CN-114765059-B - Global progenitor source estimation method and system based on principal component analysis
Abstract
The invention provides a global ancestral source estimation method and a global ancestral source estimation system based on principal component analysis, wherein the method comprises the steps of projecting principal components of a offspring sample to be detected and principal components of an ancestral sample into the same two-dimensional plane based on a principal component analysis method according to mononucleotide mutation data, and carrying out regional division on the projected two-dimensional plane to obtain a plurality of corresponding group regions; fitting the population area of each ancestor sample to obtain an ancestor population fitting area, and obtaining the area density of each ancestor population fitting area, wherein each ancestor population fitting area extends outwards according to the same proportion, when any ancestor population fitting area contains a offspring sample to be tested, the outwards extending is stopped, and the ancestor population proportion of the offspring sample to be tested currently contained is obtained according to the area after extending and the area density.

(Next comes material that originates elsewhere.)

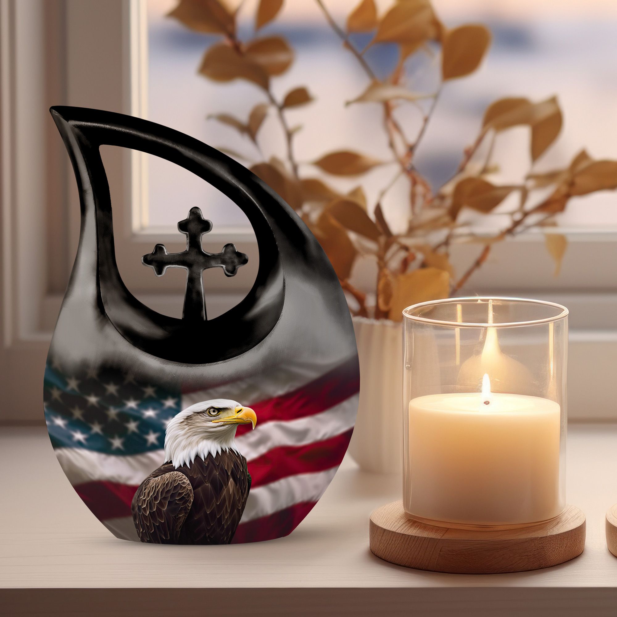 A noble and heartfelt tribute, this patriotic eagle urn symbolizes honor, remembrance, and enduring love—standing proudly as a lasting memorial for those who held America close to their heart.

According to the invention, through the main component analysis result, the corresponding Zu Xianzhan ratio in the offspring individual or population is directly calculated, so that the accuracy is higher.
Inventors
- ZHAO YIQIANG
- LIU QI
- DAI YUNPING
Assignees
- 中国农业大学
Dates
- Publication Date
- 20260508
- Application Date
- 20210113
Claims (8)
- 1. A global progenitor estimation method based on principal component analysis, comprising: Based on a principal component analysis method, projecting principal components of a offspring sample to be detected and principal components of an ancestor sample into the same two-dimensional plane according to mononucleotide mutation data, and carrying out region division on the projected two-dimensional plane to obtain a plurality of corresponding group regions; carrying out ellipse fitting on the population area of each ancestor sample by a least square method to obtain ancestor population fitting areas, and obtaining the area density of each ancestor population fitting area; Extending each ancestor group fitting area outwards according to the same proportion, stopping extending outwards when any ancestor group fitting area contains a to-be-measured offspring sample, and obtaining the ancestor group proportion of the currently contained to-be-measured offspring sample according to the area after extending and the area density, wherein the method comprises the following steps: According to the area Sl of the area after the current extension process and the area density N/S of the ancestor group fitting area, the current extension multiple ni of the ancestor group fitting area is obtained through an extension multiple formula, wherein the extension multiple formula is as follows: ; Wherein N represents the number of sample points contained in the ancestor population fitted region before non-extension, and S represents the area of the ancestor population fitted region before non-extension; According to the expansion times and an ancestor population proportion formula, calculating to obtain an ancestor population proportion p of the offspring sample to be measured, wherein the ancestor population proportion formula is as follows: ; where k represents k offspring samples to be tested.
- 2. The principal component analysis-based global progenitor estimation method according to claim 1, wherein the principal component analysis-based method projects principal components of a offspring sample to be measured and principal components of an ancestor sample into the same two-dimensional plane according to single nucleotide mutation data, and performs region division on the projected two-dimensional plane to obtain a plurality of corresponding population regions, comprising: Obtaining a first feature vector according to the single nucleotide mutation data of the offspring sample to be detected, and obtaining a second feature vector according to the single nucleotide mutation data of the ancestral sample; according to the first characteristic vector and the second characteristic vector, the offspring sample to be measured and the ancestor sample are projected to the same two-dimensional plane; And marking each sample on the projected two-dimensional plane, and dividing the population area according to the marking result.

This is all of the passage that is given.